Recursive instruction exploitation 

More nuanced than simple jailbreaking, this involves layered instructions that progressively break down the AI’s safeguards, often using complex logical structures or manipulation techniques. These approaches can potentially compel the AI to generate content or perform tasks it was explicitly designed to prevent.

While both jailbreaking and prompt injection can be used to manipulate LLMs, they operate at different levels and have distinct goals: jailbreaking is focused on gaining access to the model’s internal workings; whereas prompt injection is focused on manipulating the model’s output through cleverly designed input prompts.

These are two broad but very popular attack mechanisms.  Of course, new defences are also evolving and increasing in defensive potential.  Other vulnerabilities include cognitive reconnaissance, generative phishing and, that old timeless classic, social engineering.  These methods are constantly evolving, the security landscape is constantly changing.

Vigilance 

Failure to adequately protect our users is a breach of duty.  Unauthorised data access, violation of system boundaries, unsanctioned execution of system operations - all have consequences beyond regulatory penalties, financial loss, or reputational risk.
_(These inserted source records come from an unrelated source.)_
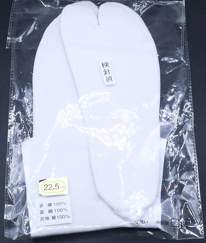 本麻足袋 夏用 綿裏 22.5cm 白 新品 着付け小物 レディース 麻100% 綿100% 単衣 夏着物シーズン S9708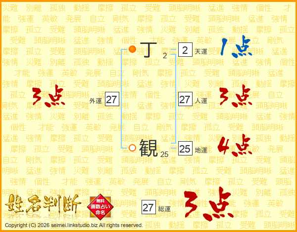 丁観さんの総運は27画の3点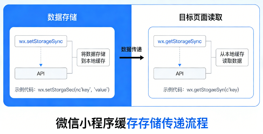 缓存存储传递是利用小程序提供的缓存 API(如 wx.setStorageSync 和 wx.getStorageSync 或 wx.setStorage 和 wx.getStorage)将数据存储到本地缓存中,在目标页面从缓存中读取数据。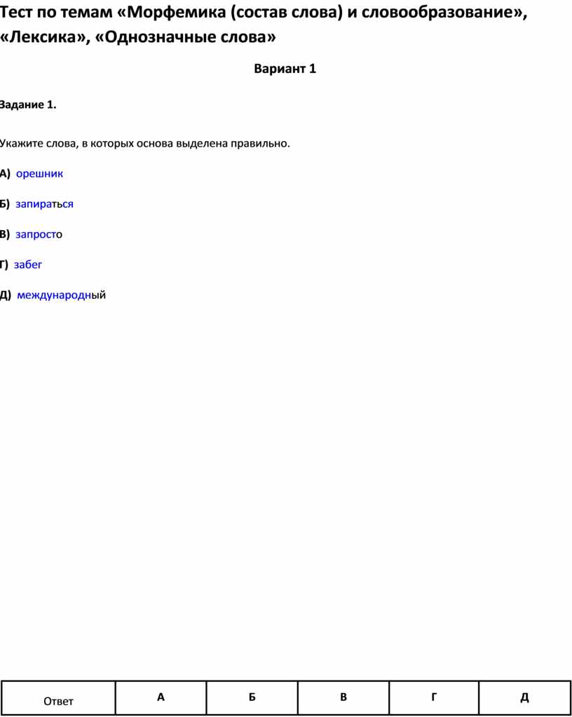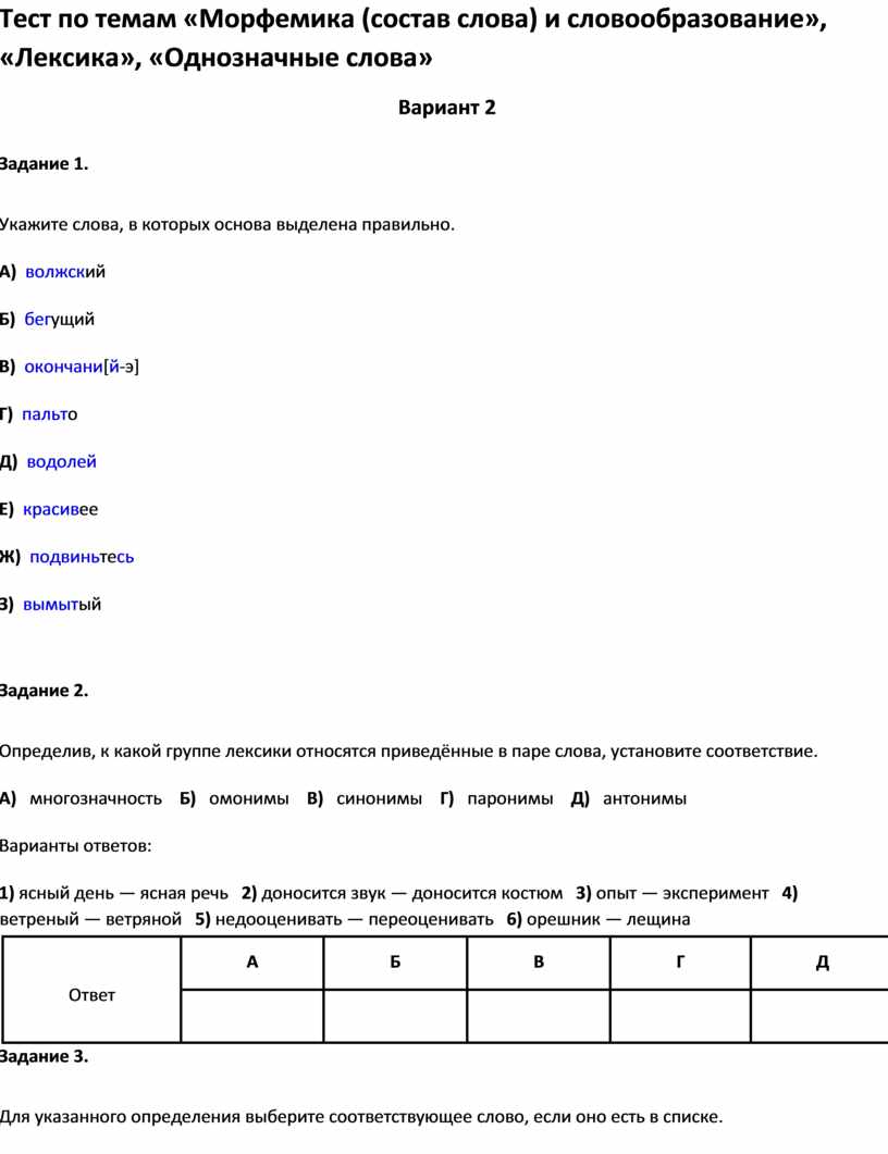 Тест по темам «Морфемика (состав слова) и словообразование», «Лексика», «Однозначные слова»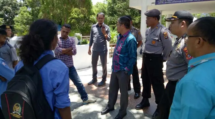 DEMO– Sejumlah masa KBM Sultra dan FORSUB Sultra saat mendatangi kantor Dinas Koordinasi Penanaman Modal Pelayanan Terpadu Satu Pintu (DKPM-PTSP) Provinsi Sultra untuk meminta keterangan pemda setempat perihal keberadaan PT. Jhonlin Batu Mandiri di Kabupaten Bombana yang dinilai melanggar aturan, Kamis (12/10/2017). (Foto :Istimewa)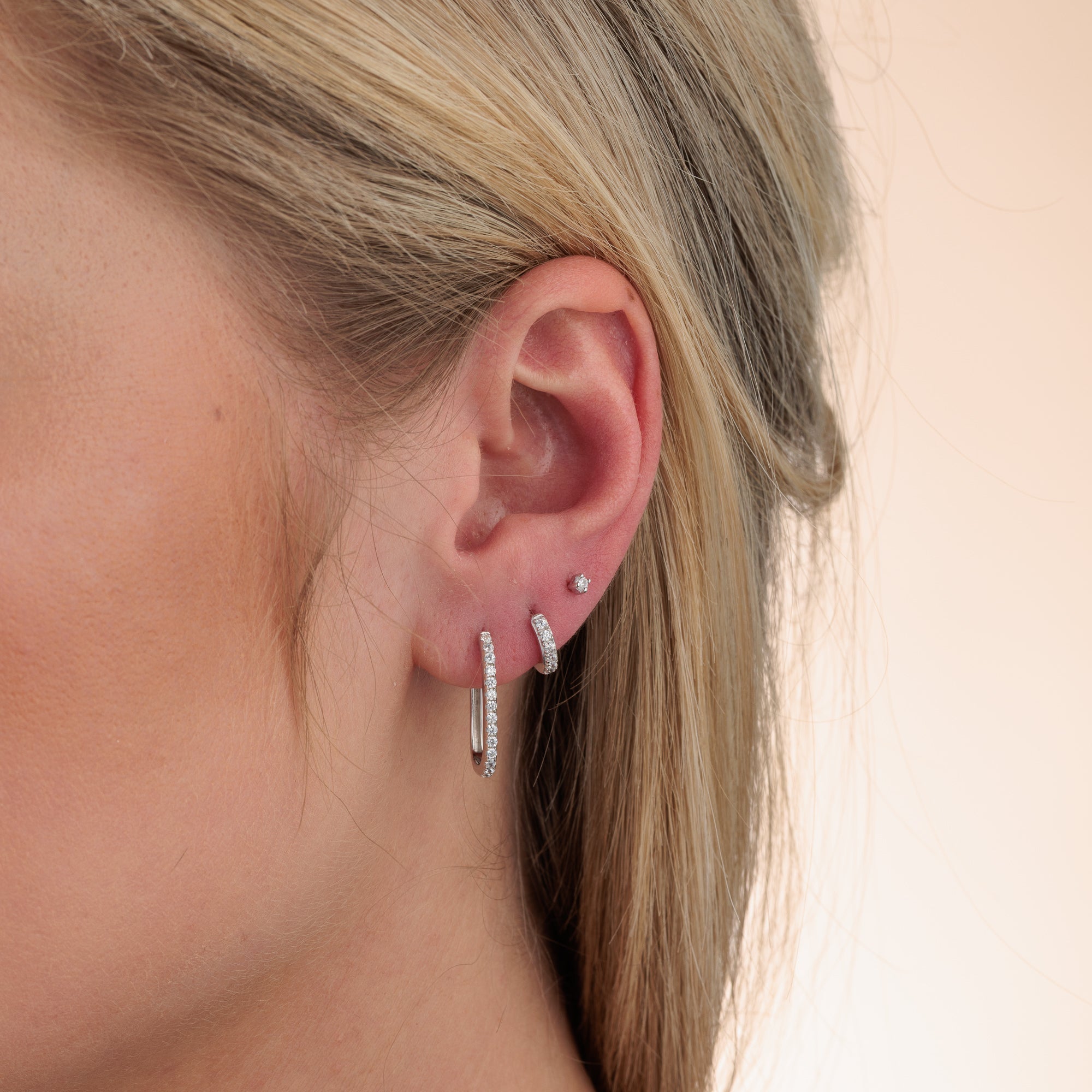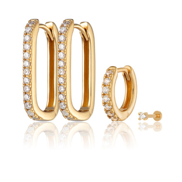 Your dream ear stack starts right here! This oval clear stone earring set is a jewellery box must-have. Featuring a pair of classic oval hoops, a single huggie earring and a single flat back all studded with clear cubic zirconia stones for endless styling potential. Whether you're stacking across multiple piercings or wearing them solo, this earring set has all of your everyday go-to essentials. Available in silver or gold, the timeless design of this earring set makes them perfect for mixing, matching, and layering.

The harm that may be done to our users, first and foremost, and the erosion of trust in our ability to safely deliver AI services are reason enough to protect our systems.

The price of peace of mind in generative AI-based systems is continuous vigilance.  Systems are rarely impenetrable. Those that evolve over time, as generative AI systems do, are consistent during static phases only.  New versions of packages, models, pipelines, and solutions require re-affirmation of safeguards, and often expose new areas for testing and protective effort.

Naturally, the automation of continuous testing is essential.  Please refer to our LLM Testing Insight for more information.  These tests require maintenance and updates as underlying systems change.  The responsibility lies with us, as creators and consumers of generative AI systems to evaluate and ensure their safety.  We should also note that tests, guardrails, and safeguards are rarely fully transferable between model versions and model vendors.

LLMs take a very long time between release cycles given training, fine-tuning, feedback machinery, optimisation and testing.  They are not given to the overnight patching cycles that we have come to expect in general software.  Vendors frequently provide updates on well-known vulnerabilities, and the data science community is also active in this line of defence.  It is important to monitor these sources constantly for vulnerabilities and effective solutions.

Sponsoring regular security audits, ensuring that budgets and resources are available for ongoing training, and implementing strict processes and controls - all help to reduce the attack surface.  Security is a team effort, not just the responsibility of technical experts, but within the remit of legal teams, compliance officers, and leadership.